Ran this on PostgreSQL 9.6.17 - but no errors. I'll try with 10.x to see if I can reproduce it.

vijaykiran avatar Oct 11 '21 12:10 vijaykiran

I just went through the initial setup as well but used docker pull postgres with v14.0. Everything went pretty smoothly - no errors like above so probably something specific to v10.

soda-sql-core 2.1.0b18 soda-sql-postgresql 2.1.0b18

Have you tried any other version above 10?

jasonicarter avatar Oct 11 '21 13:10 jasonicarter

I haven't yet, but I have asked our DBA for a copy of any PG configs so I can share.
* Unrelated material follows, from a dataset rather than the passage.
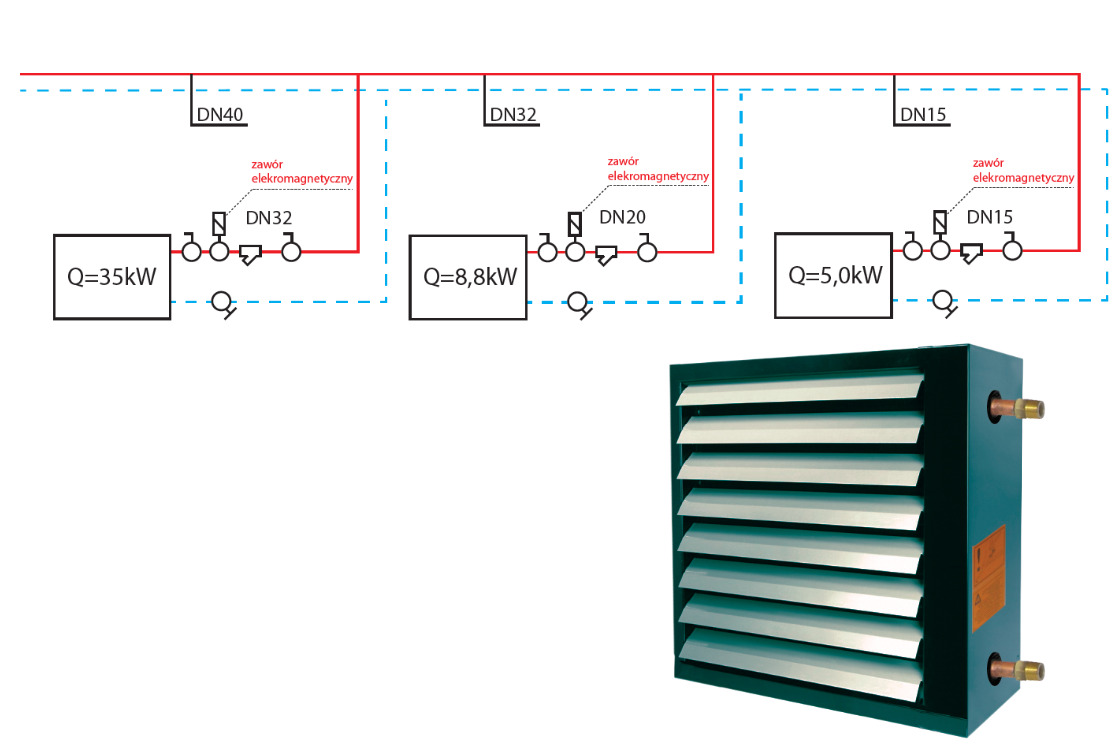 Przykładowy schemat instalacji grzewczej wykorzystujący elektrozawór w nagrzewnicach różnej mocy:
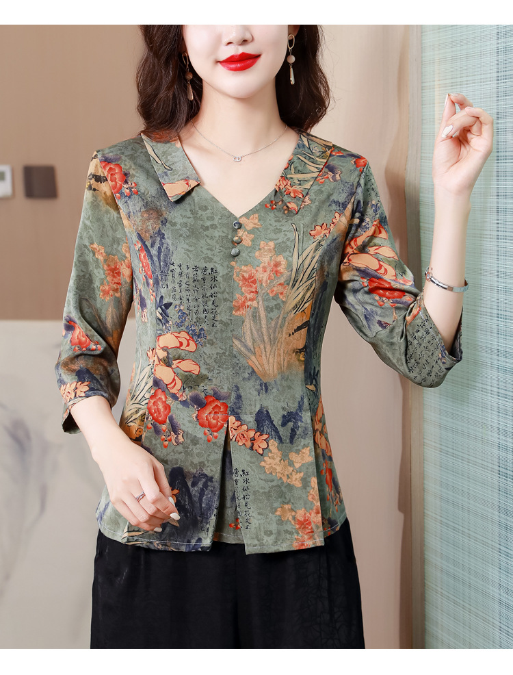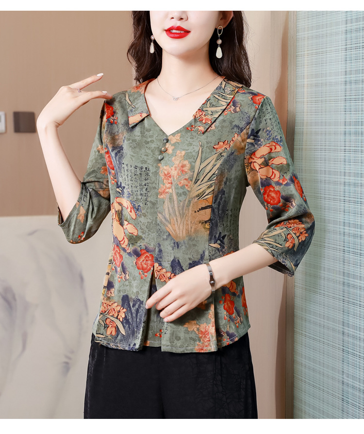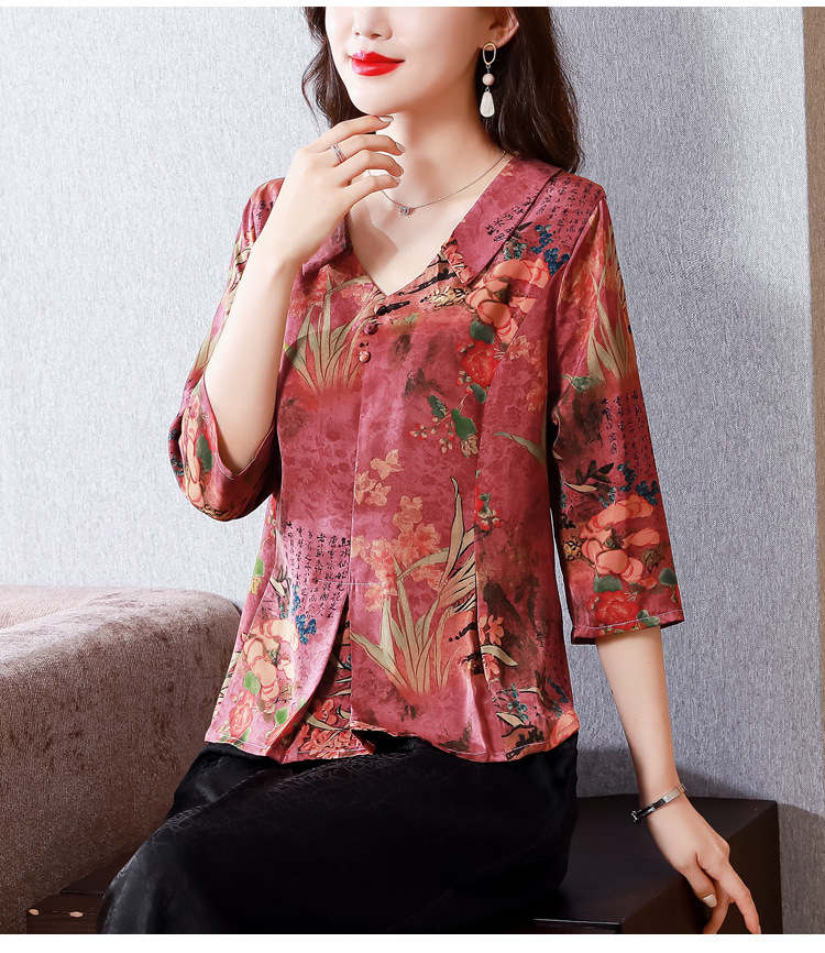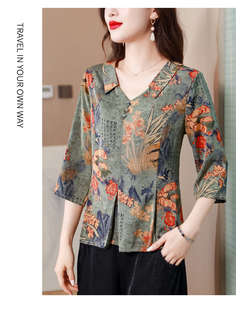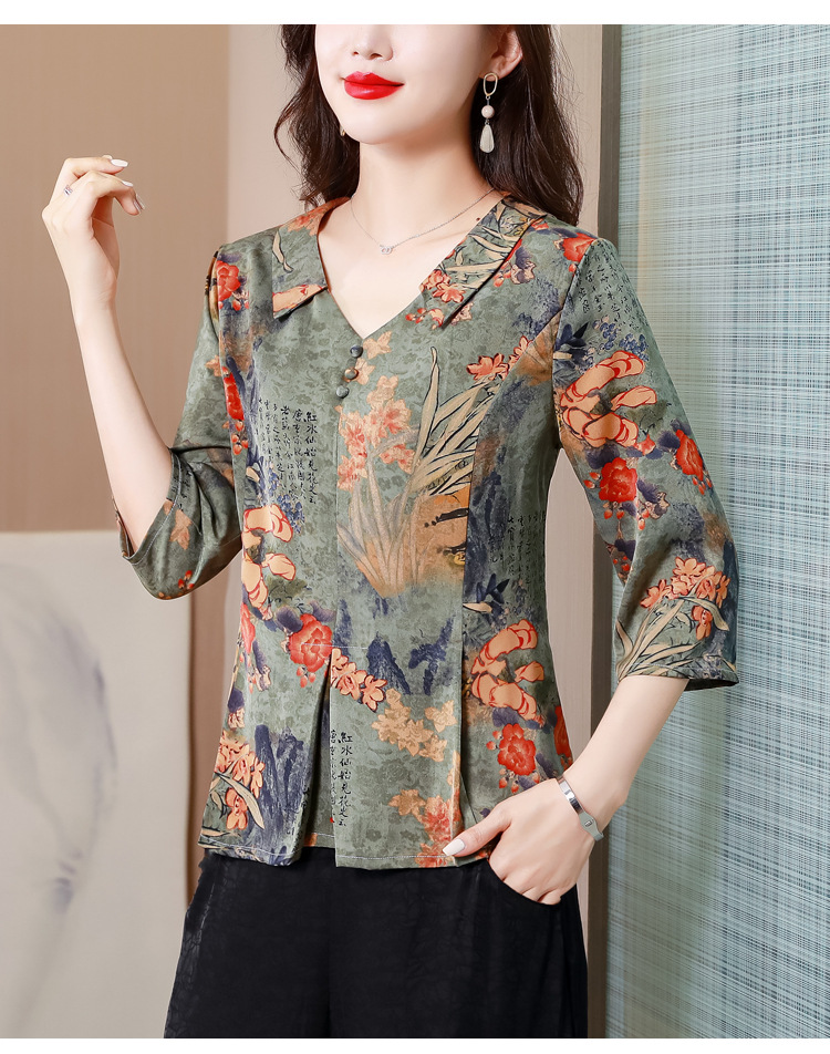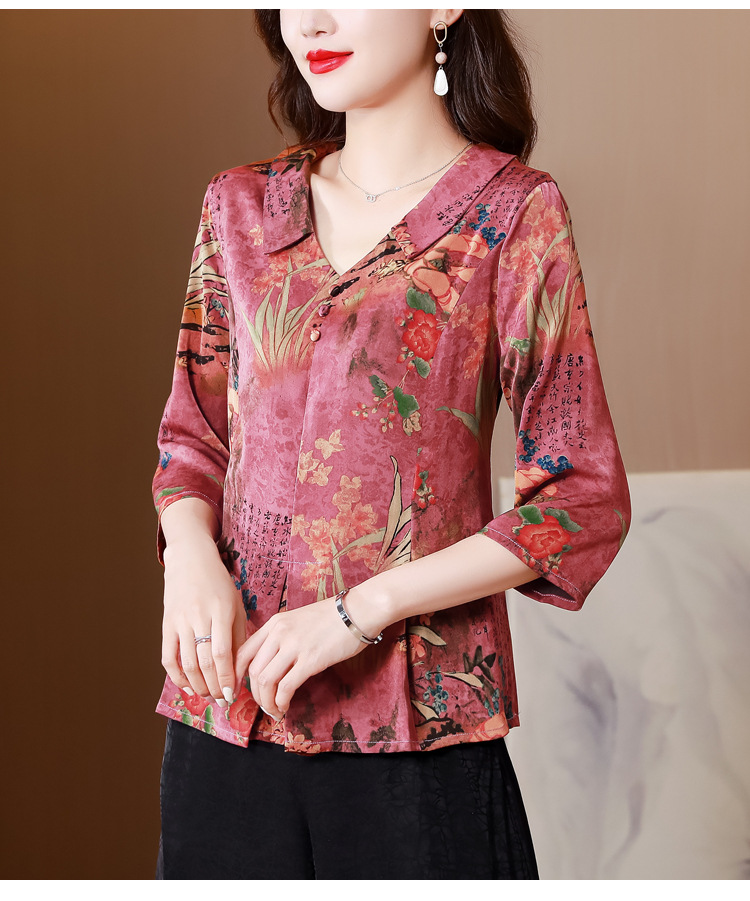 V领七分袖娃娃领,显瘦遮肚子减龄上衣KQL-H1909

Might prove informative.

sivy avatar Oct 11 '21 15:10 sivy

quick update: our PG has standard_conforming_strings = off, which — according to the docs:

https://www.postgresql.org/docs/10/runtime-config-compatible.html

standard_conforming_strings (boolean) This controls whether ordinary string literals ('...') treat backslashes literally, as specified in the SQL standard. Beginning in PostgreSQL 9.1, the default is on (prior releases defaulted to off). Applications can check this parameter to determine how string literals will be processed. The presence of this parameter can also be taken as an indication that the escape string syntax (E'...') is supported. Escape string syntax (Section 4.1.2.2) should be used if an application desires backslashes to be treated as escape characters.

HTH

sivy avatar Oct 11 '21 18:10 sivy

I tried with 10.18 with standard_conforming_strings = off and running the analyse didn't resulting error for the table:

create table dual
(
   dummy  varchar

);

I'll try to change the regex strings to E`` syntax may be that will help. I'll keep this issue updated.

FYI - AFAICS, it is not recommended to set it to off.

vijaykiran avatar Oct 13 '21 10:10 vijaykiran